### Activity:
Return each line below exactly as it reads, and omit any image in it.

### Data extract:
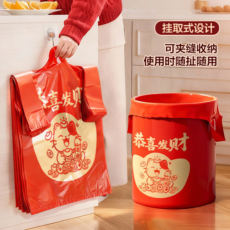 微净垃圾袋家用加厚手提式中大号背心厨房专用塑料袋特厚商用红色
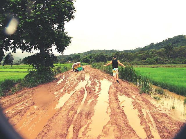 After swimming, splashing around, and lying on the shore, we headed back to the town. Of course, the trek back was just as hard, even harder. We pushed and pulled our tricycle, walked barefoot in the mud, slipped a couple of times, and even encountered a couple of pigs and a carabao in the side fields.
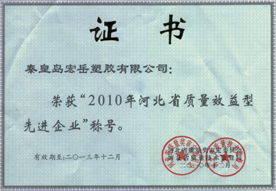 日前(qián),宏(hóng)嶽塑膠集團被河北省質監局及省質量(liàng)獎評審委員會評定授予“2010年河北省質量效益(yì)型先進企業”榮譽稱號(hào)。

### Solution for this task:
 微净垃圾袋家用加厚手提式中大号背心厨房专用塑料袋特厚商用红色
 After swimming, splashing around, and lying on the shore, we headed back to the town. Of course, the trek back was just as hard, even harder. We pushed and pulled our tricycle, walked barefoot in the mud, slipped a couple of times, and even encountered a couple of pigs and a carabao in the side fields.
 日前(qián),宏(hóng)嶽塑膠集團被河北省質監局及省質量(liàng)獎評審委員會評定授予“2010年河北省質量效益(yì)型先進企業”榮譽稱號(hào)。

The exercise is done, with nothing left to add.